- Qorilugud Qorilugud
- Coordinates: 8°33′N 46°14′E﻿ / ﻿8.550°N 46.233°E
- Country: Somaliland
- Region: Togdheer
- District: Buuhoodle

Government
- • Mayor: Mahamed Omar Farah (Jar-ku-naban)

Population (2019)
- • Total: 3,195
- Time zone: UTC+3 (EAT)

= Qoorlugud =

Qorilugud is a sizeable town in Togdheer region of Somaliland, located north by road from Buuhoodle. It is the second-largest town in Buuhoodle District after the district capital Buuhoodle.

== Demographics ==
In June 2006 Qorilugud had an estimated population of 3,183. The main inhabitants are the Solomadow branch of the Habr Je’lo.

==District commissioner==
- District commissioner (Gudoomiyaha degmadda Qorilugud)
  - Maxamed Cumar Faarax (Jar-kunaban) 2015 -

In September 2014, a captain in the Somaliland army was killed by soldiers in Qorilugud military camp.

In February 2015, three people died in a dispute between Buuhoodle and Qorilugud.

In April 2015, a unit of Ethiopian armed police visited Odanleh and Qorilugud and abducted 15 residents.

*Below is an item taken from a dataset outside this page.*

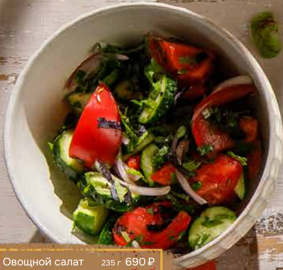
Овощной салат по-грузински со специями 235 г 690 ₴ Georgian vegetable salad with spices 格鲁吉亚式蔬菜沙拉加调料

In April 2015, a meeting was held in Aadan-waal to end the dispute between Buuhoodle and Qorilugud, and an agreement was reached.

In November 2015, a soldier was killed in a landmine explosion.

In October 2016, Kulmiye party opened offices in Qorilugud and Bali-alanle.

In March 2018, a settlement agreement for the clan struggle that began in 2011 was reached in Qorilugud, and construction of the suspended road resumed.

In August 2018, a meeting of the Solomadow clan was held.

In September 2018, the urban redevelopment process began.

In April 2021, two men were gunned down by an armed group while visiting to collect voting card.

In November 2021, the mayor of Buuhoodle held a groundbreaking ceremony for a new school building in Qorilugud.

==Related persons==
- Cismaan Maxamed Cabdikariim Gacanlaw - Singer, born in Qorilugud in the early 1940s.